In his inaugural speech, he noted that MUI is "a partner of the government" and that "a cleric should not issue condemnations during a sermon", indicating that, under his leadership, MUI will likely adopt an accommodative and cooperative position with the Widodo administration, in contrast to the openly critical position taken by some of its board members in the past five years.

But Mr Miftachul is not a progressive ulama, as indicated by his 2017 statement that the then Jakarta governor "Ahok" Basuki Tjahaja Purnama had committed blasphemy.

This was issued when he served as an expert witness in the latter’s trial.

A significant decision reached during the summit is the removal of several controversial clerics from their leadership positions within the MUI.

These include Dr Din Syamsuddin, the former MUI chairman, Mr Bachtiar Nasir, a former deputy secretary of the MUI Advisory Council, Mr Tengku Zulkarnain, a former deputy secretary general, and Mr Yusuf Muhammad Martak, a former treasurer.

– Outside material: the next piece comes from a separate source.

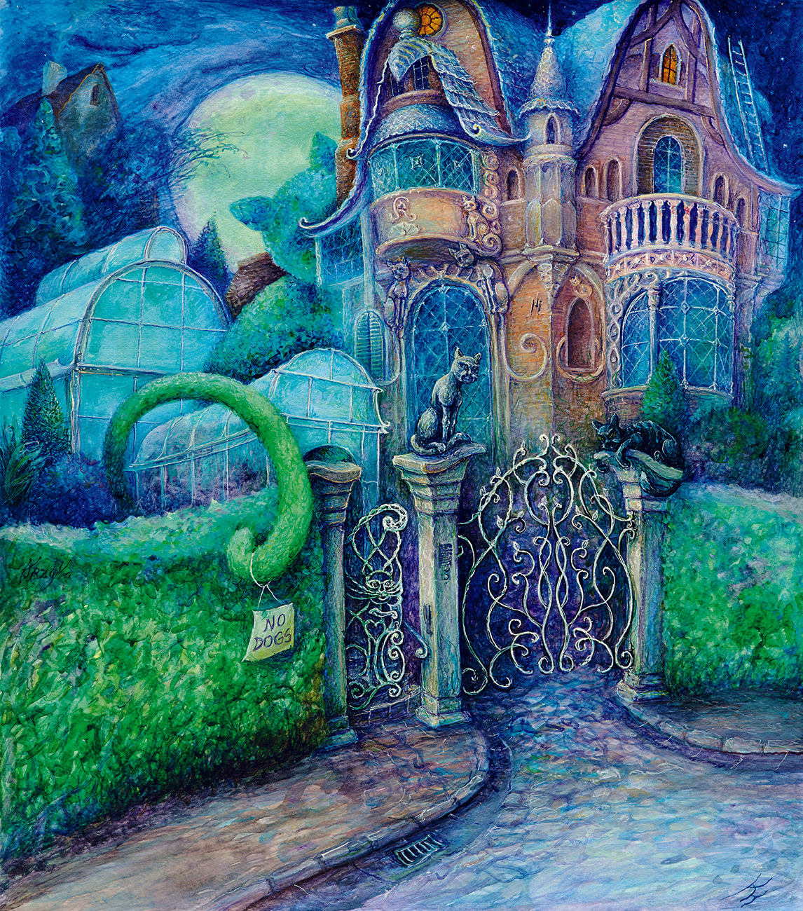 Wander into a world of mystery and fantasy through the 'The Enchanted Manor'. A fantastical mansion emerges under the light of a full moon, its intricate architecture and gothic details bringing to mind fairytales and myths. Cats sit atop the wrought-iron gates, keeping silent watch over a garden that seems alive with secrets and stories. The deep blues and purples lend the piece a dreamlike quality, drawing the viewer into a world suspended between reality and fantasy. The artist’s meticulous attention to detail evokes a sense of mystery, as though each element of the mansion holds a tale yet untold. This is a place where imagination roams free, inviting us to wonder at the mysteries hidden within.

These clerics are infamous for lending their support to the 2016–17 Defending Islam rallies against Ahok.

Mr Bachtiar and Mr Yusuf co-founded the National Movement to Support the MUI Religious Edict, which helped mobilise nearly one million protesters.

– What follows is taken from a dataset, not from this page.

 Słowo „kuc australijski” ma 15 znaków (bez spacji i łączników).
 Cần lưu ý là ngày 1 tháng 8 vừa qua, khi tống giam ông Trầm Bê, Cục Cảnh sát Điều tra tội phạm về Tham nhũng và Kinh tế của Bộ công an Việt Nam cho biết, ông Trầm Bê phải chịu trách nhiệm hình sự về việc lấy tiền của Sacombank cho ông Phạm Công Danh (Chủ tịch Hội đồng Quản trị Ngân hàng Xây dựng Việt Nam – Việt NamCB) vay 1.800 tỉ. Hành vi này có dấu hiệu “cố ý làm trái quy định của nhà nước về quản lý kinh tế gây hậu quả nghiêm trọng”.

Mr Tengku is a close associate of Mr Rizieq Shihab, founder of the Islamic Defenders Front, the organisation that was instrumental in driving the rallies.

He is also a controversial preacher known for fiery polemical rhetoric condemning women and numerous religious minorities.

While these controversial Islamist clerics and preachers were removed from MUI’s national board, several clerics known for their moderate viewpoints were appointed.

This includes Mr Masdar Mas'udi, a long-time NU activist and close associate of the late former Indonesian president Abdurrahman Wahid, NU chairman from 1984 to 1999, widely known for his progressive views.

Other new board members, such as Mr Dadang Kahmad and Mr Sudarnoto Abdul Hakim (both from Muhammadiyah), are widely considered moderate, even progressive Islamic thinkers.

Will the leadership change within the MUI make any difference in its position on various religious and social issues?

Given the new MUI leadership desires cooperation with the Widodo administration, it is expected that they will be receptive to government policy priorities.

The new fatwa proactively declaring Covid-19 vaccines to be halal, paving the way for distribution without facing religious objection, is a step in that direction.

But when it comes to marginalised minorities, we can expect the new MUI leadership to retain their conservative standing.

Mainstream Islamic clerics — including those within MUI — tend to share a conservative orthodoxy in their religious interpretation toward these groups. EAST ASIA FORUM

 

ABOUT THE AUTHOR:

Alexander R Arifianto is a research fellow of the Indonesia Programme at the S Rajaratnam School of International Studies, Nanyang Technological University, Singapore.